Even otherwise noisy guests become silent, focused, calm as the cuff is wrapped tightly around an upper arm, gentle fingers press the diaphragm to an artery, and willing ears intensely listen for that unmistakable pulsing . For a few minutes, both patient and volunteer are unified in intense concentration on providing and hearing the evidence of life threading its way through one’s arm hanging loosely in the other’s tender grasp.
Guests come in regularly, just to have their blood pressure checked. This is a laudable act of health-consciousness, but is even more remarkable in a population of people who routinely disregard even more basic tenets of prophylactic self-care. But come they do; it’s clearly about much more than the numbers.

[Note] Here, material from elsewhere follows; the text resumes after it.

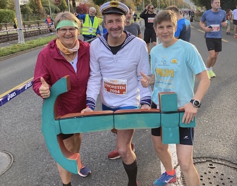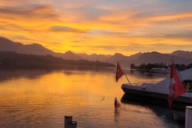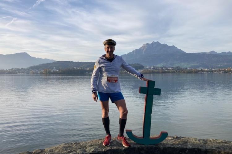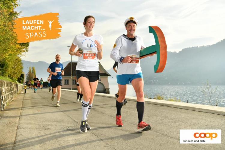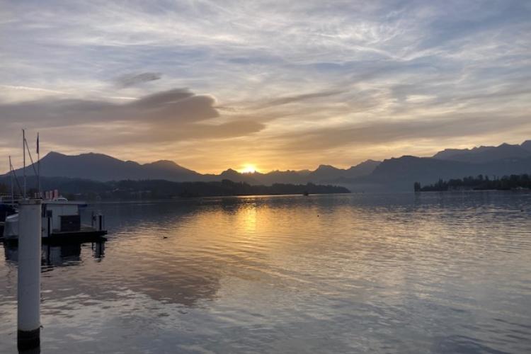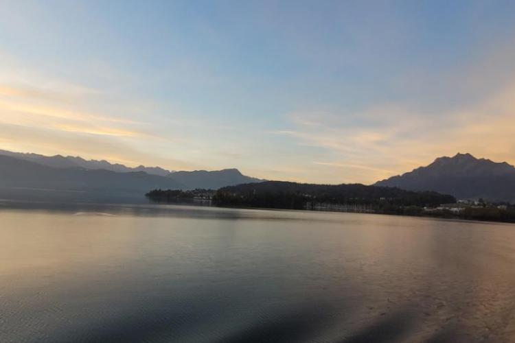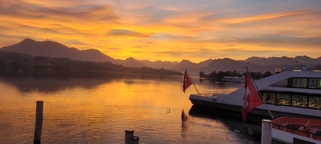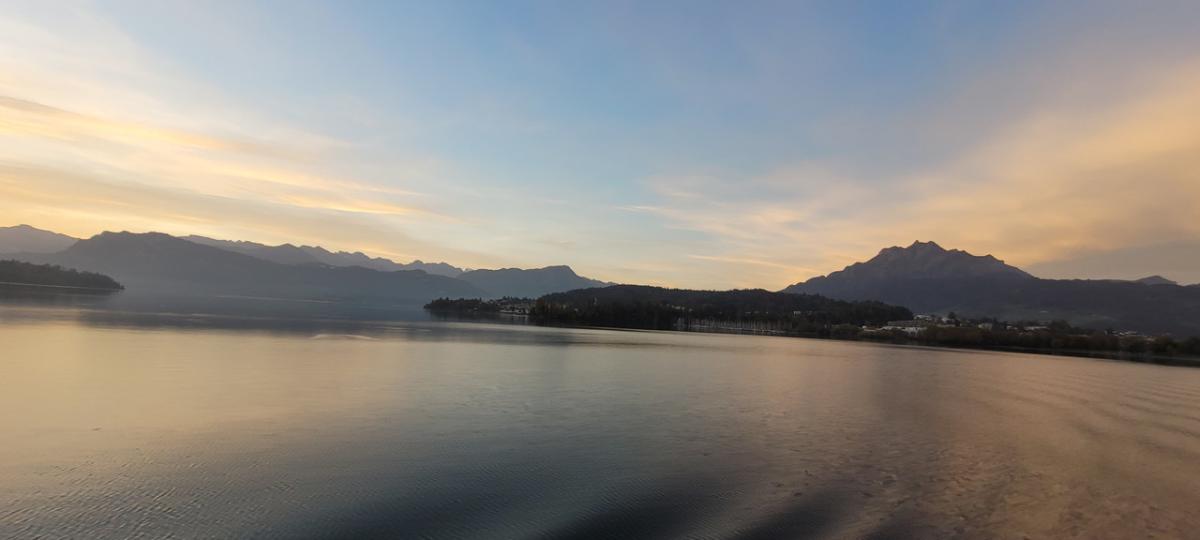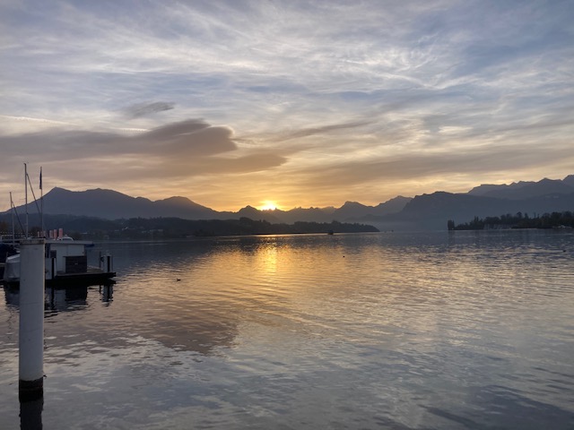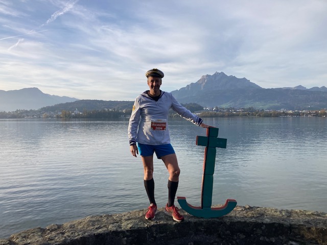 Sonntag dann der Lauf, die Anfahrt zum Zielbereich fand mit dem Schiff über den Vierwaldstädter See statt - das war schon traumhaft. Die Gegend um den 114 km² großen See gilt als die Keimzelle der Schweiz. Die Wettervorhersage war fantastisch und so kam es auch, der Tag war warm und sonnig. Ein wunderschöner Sonnenaufgang über den Bergen stimmte uns morgens schon auf diesen wundervollen Tag ein. Etwas verunsichert waren wir wegen der Gepäckaufbewahrung, das haben wir selbst geklärt. Aus der Starterliste hatten wir gesehen das Thorsten und Klaus am Start sein sollte und mit Thorsten " Stulle" haben wir uns dann auch am Start getroffen. Er lief in "Norddeutscher " Kluft, mal wieder als Kapitän, wollte aber flotter als wir laufen um evtl. seine Tochter, die für den Halbmarathon gemeldet war, einzusammeln. Die erste Runde haben wir uns 2 Pacemakern (5h) angeschlossen, die Runde war toll, flott und kurzweilig. Man läuft direkt am Wasser entlang, etwas rauf und runter, kommt durch den Vorort Horw (Kein sozialer Brennpunkt) und läuft dann Richtung Innenstadt zurück.

These are SomeBodies who have been smacked, punched, shot, shot-up, strip-searched, de-loused, raped, kicked, stabbed, and spit on. Used and abused. But in the clinic, there is safety, trust that the touch received here is gentle, healing, and will do no harm. And so I watch as person after person leans into the experience, becomes perceptibly more serene, looks as if they have just had a warmed blanket thrown around their shoulders.
In a symbolic but real way, they have. The unconditional love communicated by this simple, caring touch warms the heart, thaws defensiveness, creates a tucked-in sense of well-being, if only for awhile. It’s Love people lean into here, an altogether more powerful kind of medicine.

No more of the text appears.